A few people might need to retain access to both. Let them ask so that you know who has
access to what. These people may still want to query the Data Warehouse when they want to
analyze data that would span multiple marts.
Summary
Use Views
Don’t deviate that much from the Data Warehouse Views
Do not use a Star Schema
Segment your marts
Update access to be at the mart level instead of warehouse
Data Mart Maintenance
Now that you have Data Marts set up, you will need ongoing maintenance to get the most out
of your data. The first step is to establish a mayor per mart that will be responsible for carrying
out the maintenance tasks for their mart:
An Ideal Mayor
Communicate and educate team
Different teams have different needs, but some common threads include teaching SQL skills or
how to use your BI tool. Mayors should document and share data quirks that show up in
common queries. Note, however, that you should try to address these quirks with modeling at
the Data Warehouse stage.
We wrote a book on how to teach SQL if you need assistance in explaining how JOINs,
Aggregations, or subqueries work.
Identify issues
There are two types of issues you will need to investigate as a Mayor of a Data Mart.
Spike
Something to pay attention to are numbers that are much different from the day before, but
not caused by any changes on your end. If traffic to your website doubles in a day, it is likely
caused by something and is not just a fluke. The spike may have been caused by a new
marketing campaign, a bug, or potentially a Google search algorithm update. You should
explore these possibilities in that order.
No Spike
Another point of interest are numbers that are not changing even though changes have been
made. If you launched a new marketing campaign and the numbers are not going up, that
could be due to a bug or poor campaign performance. They should be investigated in that
order. Often the tracking was not set up correctly or the link in the advertisement was going to
the wrong place.
Conflicting numbers
Sometimes metrics can be showing conflicting numbers even though they are measuring the
same thing. If you see the number of new trials in HubSpot and your production database are
different, the rule of thumb is to trust the data source closest to the event that is being
tracked. In this case, it would be production.
SELECT COUNT *
FROM USER
WHERE Trial_Start > NOW()::date - 7
AND Email != “%chartio.com”
vs.
SELECT COUNT *
FROM USER
WHERE Trial_Start > NOW()::date - 7
Oftentimes people’s calculation of a metric will differ because of the following reasons: They
are calculating it based on a different formula, the data source they are using is different, the
data is being filtered differently, or there is an error in their calculation.

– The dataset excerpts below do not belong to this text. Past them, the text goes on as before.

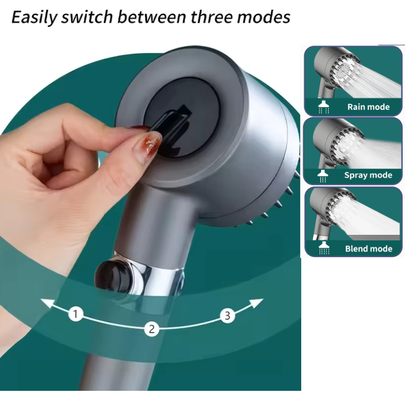 Cambia fácilmente entre los modos Lluvia, Rociado y Mezcla para adaptar el caudal de agua a tus necesidades. Disfruta de una experiencia de ducha personalizada y relajante, adaptada a tus necesidades.
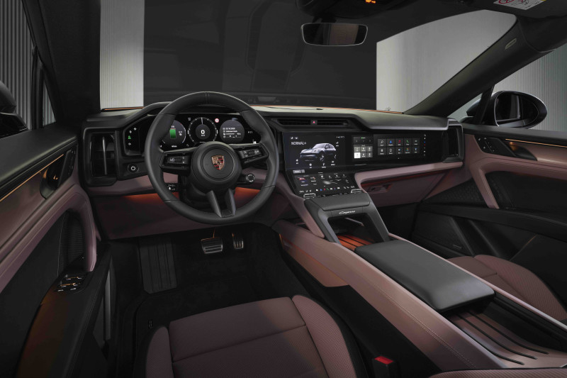 Digiteerimise vallas viib Cayenne Electric sõidukogemuse uuele tasemele. Värskelt väljatöötatud Porsche Driver Experience’i südames on uus Flow Display – elegantselt nõgusa pinnaga OLED-ekraan, mis sulab harmooniliselt kokku keskkonsooliga ning võimaldab teha selge vahe ekraani ja juhtpindade vahele. Seda täiendab täisdigitaalne näidikupaneel 14,25-tollise OLED-ekraaniga ja soovi korral ka 14,9-tolline ekraan eesmise kaasreisija ees. Need kokku moodustavad suurema ekraanipikka kui üheski teises Porsches kunagi nähtud. Esimest korda on Cayenne’ile saadaval ka liitreaalsusega esiklaasinäidik, mille kujutise suurus vastab 87-tollisele ekraanile kümne meetri kaugusel auto ees. Kõik ekraanid sulanduvad harmooniliselt interjööri kujundusse. Kõige sagedamini kasutatavad nupud ja lülitid, näiteks kliimaseadme ja helitugevuse omad, on seevastu analoogtehnika. Lisaks töötati välja selline käetugi, mis võimaldab juhil kasutada digitaalseid ja analoogjuhtseadiseid ergonoomiliselt – isegi eriti dünaamilistes sõiduoludes.
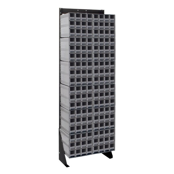 Interlocking Storage Cabinets Floor Stand, single sided, 12''D x 23-5/8''W x 75''H, 300 lbs. load capacity, includes: 12 QIC-122, 144 gray drawers, 14 gauge steel, black coated finish
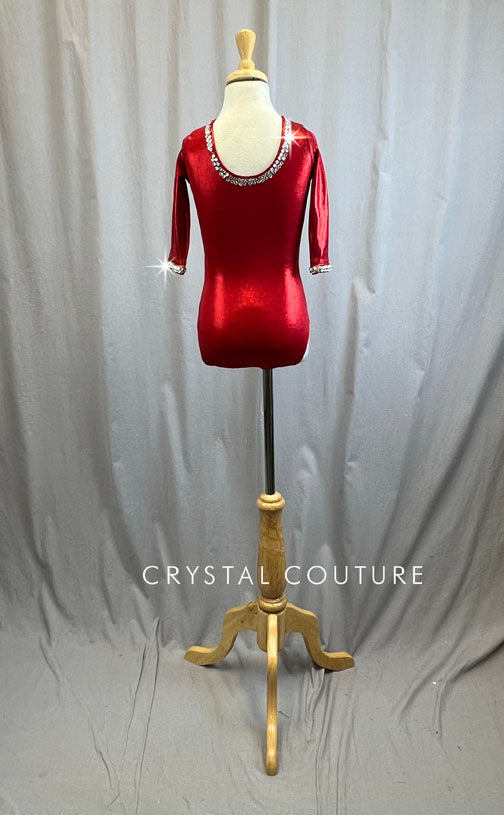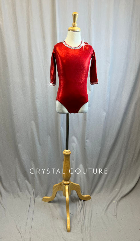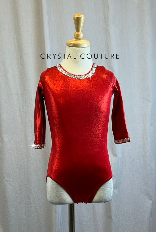 Metallic Red 3/4 Length Sleeve leotard -Rhinestones and Hair Piece
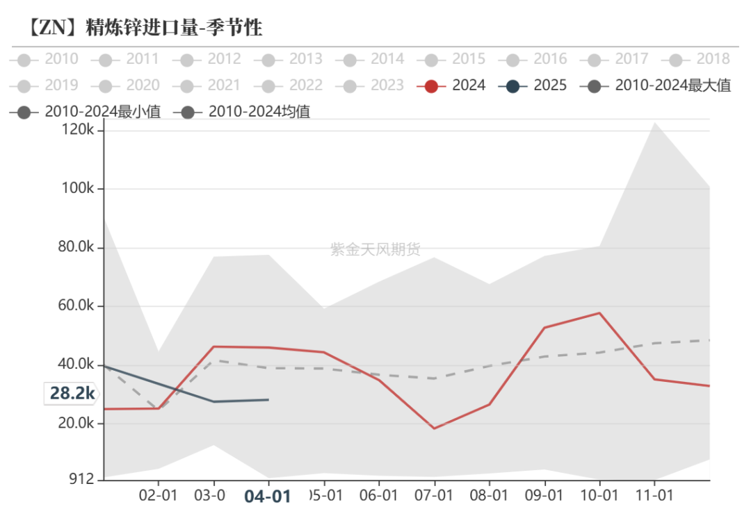 海关数据显示,2025年3月中国进口精炼锌2.76万吨,同比减少40.50%;
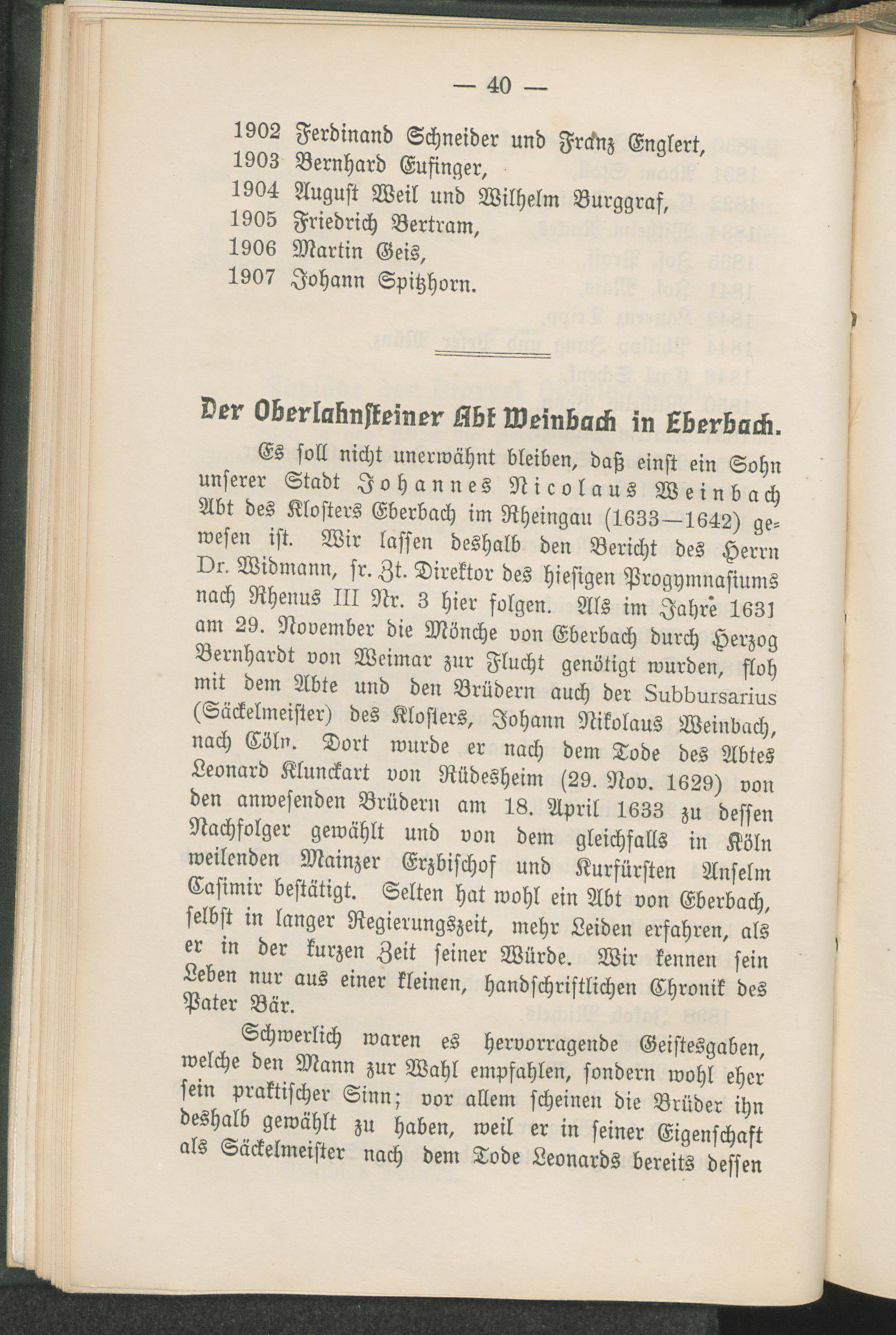 Der Oberlahnsteiner Abt Weinbach in Eberbach.
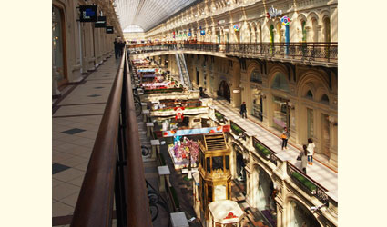 GUM(グム)百貨店は、モスクワを訪れる旅行者の多くの方が訪れるデパートの一つです。1893年の公式オープン後、モスクワのメインのショッピングセンターで、モスクワっ子達のお気に入りの散策の場所の一つとなり、現在もモスクワ市の名所旧跡の一つです。グムの中の噴水の周りには、いつも人々が集まっています。

New field or value not cleaned (nulls, encoded, wrong format, etc.)
No new data
All queries on a data source erroring out
Performance
You will likely notice when there is a new column in one of your views that is not very clear.

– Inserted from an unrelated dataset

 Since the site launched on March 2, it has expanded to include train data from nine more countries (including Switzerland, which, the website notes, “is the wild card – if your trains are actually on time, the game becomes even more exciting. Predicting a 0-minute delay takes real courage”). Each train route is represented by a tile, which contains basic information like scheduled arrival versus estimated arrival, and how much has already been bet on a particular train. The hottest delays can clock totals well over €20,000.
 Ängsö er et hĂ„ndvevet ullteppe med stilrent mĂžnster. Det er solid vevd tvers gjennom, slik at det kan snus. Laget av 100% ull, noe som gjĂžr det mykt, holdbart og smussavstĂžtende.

You should raise this to the Data Governor so that they can apply the necessary cleaning to it
at the Data Warehouse stage. Avoid doing additional cleaning at the Mart level because others
may need this field as well. Having a single version of it helps to make sure analyses are
consistent.
This can also happen when a new option is added to a field and it is encoded in an unreadable
way. Follow the same process to get it updated at the Data Warehouse level.
No new data
If your query stops producing data after a specific date, you will need to investigate. This can
be caused by a bug, a field being renamed, or the data source changing. This is more common
than you would think. For instance, if you update a URL the data associated with the previous
name will cut off. You can work around this within your SQL query.
For example, when Chartio moved its URL from Chart.io to Chartio.com we needed to use:
SELECT
CASE WHEN page_tracking.url LIKE 'www.chart.io'
THEN 'www.chartio.com'
ELSE page_tracking.url
END AS “Page”,
to_char(page_tracking.viewed_at_date, ‘YYYY-MM’) AS “Month”,
COUNT(distinct page_tracking.view_id) as “Views”
FROM page_tracking
GROUP BY 1
ORDER BY 2 ASC
You can also implement this as a more permanent fix at the Data Warehouse stage. One note of
warning here is that sometimes you want to preserve this cut off to remember the name was
changed, so think through the implications before making this modeling decision. If you aren’t
sure why the data cut off, consult the Data Governor or your engineers to find out what is
going on.
This happens for a few reasons: the source has been deprecated, the source had an update
changing its data structure, or a bug. This is something to communicate out to your team
quickly as it can prevent a ton of data from being used.
Performance
If queries by you or your team start to take over a minute to run, you should investigate. Can
the queries be optimized? Do we need to spin up more clusters? Or, do we need to do some pre-
aggregation?
These are all fairly advanced solutions. To learn how to optimize the SQL, read our book titled
SQL Optimization. To spin up more clusters you will need to consult with your engineering team
and the Data Governor. To do pre-aggregation you should consult with the Data Governor and
create a new view at the Data Warehouse level so others can use this newly formed view.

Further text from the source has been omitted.